Task description
Word for word, reproduce the listing that follows, excluding any pictures it contains.

[Dataset content Boundary: Start]

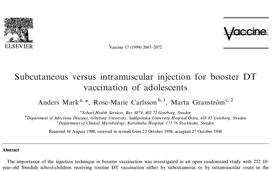 Mark A, Carlsson RM, Granström M. Subcutaneous versus intramuscular injection for booster DT vaccination of adolescents. Vaccine. 1999 Apr 9;17(15-16):2067-72.
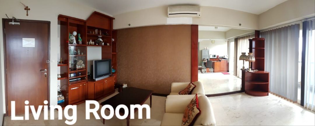 Unit apartmen 3 BR yang dirubah jadi 2 BR di Braga Citywalk di lantai 8 hook.
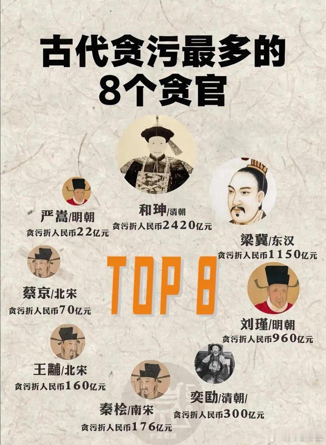 中国古代8大贪官东汉梁冀,汉顺帝皇后梁妠、汉桓帝皇后梁女莹的哥哥。穷极奢侈,拓建林苑,制同皇家,方圆近千里,掠民数千为奴婢。北宋王黼,贪污6200万两白银,相当于当时国库收入的一半以上。北宋蔡京,宋朝第一贪官。南宋秦桧,开门受赂,富敌于国。明朝严嵩,明朝第一贪官。明朝刘瑾,为国敛财,不择手段。清朝和珅,清朝第一贪官。清朝奕劻,清朝即将灭亡,还在贪污。

[Dataset content Boundary: End]

Worked solution
 Mark A, Carlsson RM, Granström M. Subcutaneous versus intramuscular injection for booster DT vaccination of adolescents. Vaccine. 1999 Apr 9;17(15-16):2067-72.
 Unit apartmen 3 BR yang dirubah jadi 2 BR di Braga Citywalk di lantai 8 hook.
 中国古代8大贪官东汉梁冀,汉顺帝皇后梁妠、汉桓帝皇后梁女莹的哥哥。穷极奢侈,拓建林苑,制同皇家,方圆近千里,掠民数千为奴婢。北宋王黼,贪污6200万两白银,相当于当时国库收入的一半以上。北宋蔡京,宋朝第一贪官。南宋秦桧,开门受赂,富敌于国。明朝严嵩,明朝第一贪官。明朝刘瑾,为国敛财,不择手段。清朝和珅,清朝第一贪官。清朝奕劻,清朝即将灭亡,还在贪污。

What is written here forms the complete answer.